= Green engineering =

Green engineering approaches the design of products and processes by applying financially and technologically feasible principles to achieve one or more of the following goals: (1) decrease in the amount of pollution that is generated by a construction or operation of a facility, (2) minimization of human population exposure to potential hazards (including reducing toxicity), (3) improved uses of matter and energy throughout the life cycle of the product and processes, and (4) maintaining economic efficiency and viability.
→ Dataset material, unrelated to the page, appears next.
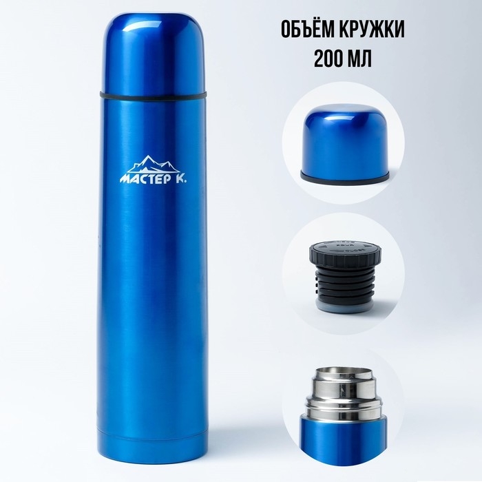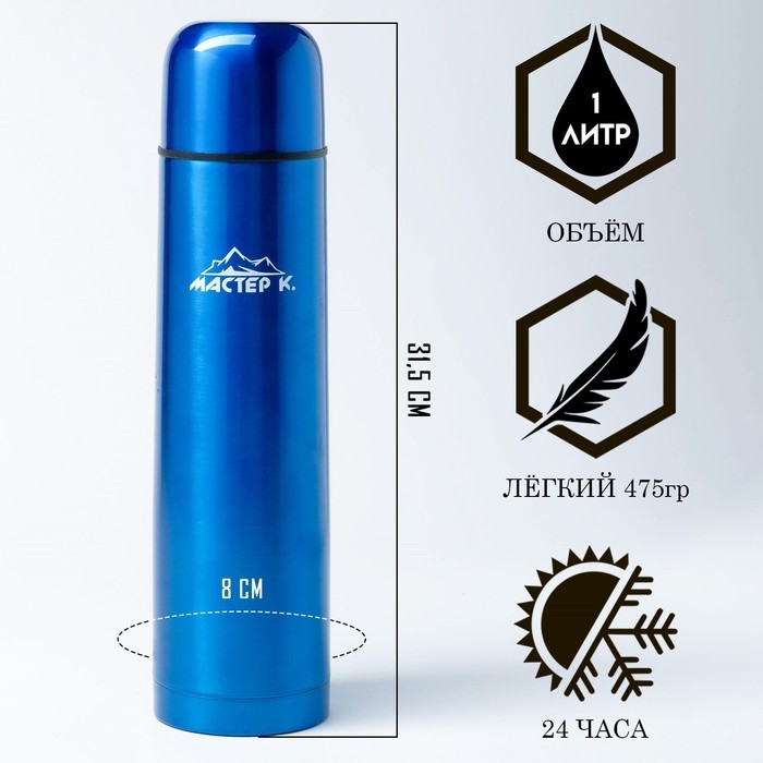 Термос, 1 л, Гильза "Мастер К", с кружкой, сохраняет тепло 24 ч, гарантия 5 лет, синий

Green engineering can be an overarching framework for all design disciplines.

== History ==
The concept of green engineering began between 1966 and 1970 during the Organization for Economic Cooperation and Development under the name: "The Ten Ecological Commandments for Earth Citizens". The idea was expressed visually as the following cycle starting with the first commandment and ending with the tenth:

1. Respect the laws of nature
2. Learn as responsible earth citizens from the wisdom of nature
3. Do not reduce plurality richness, abundance of living species
4. Do not pollute
5. Face earth-responsibility every day for our children and our children's children
6. Follow the principle of nature precaution/sustainability in all economic activities!
7. Act as you speak!
8. Prefer small clever and intelligent problem solutions, including rational and emotional intelligence factors
9. Information about environmental damage belongs to mankind - not (only) to privilieged big business
10. Listen carefully [to] what your own body tells you about [the] impact of your very personal social and natural environment upon your wellbeing

The idea was then presented by Peter Menke-Glückert at the United Nations Educational, Scientific, and Cultural Conference at Paris in 1968. These principles are similar to the Principles of Green Engineering in that each individual has an intrinsic responsibility to uphold these values. The Ten Ecological Commandments for Earth Citizens is thought by Dr. Płotka-Wasylka to have influenced The Principles of Green Engineering, which has been said to imply that all engineers have a duty to uphold sustainable values and practices when creating new processes.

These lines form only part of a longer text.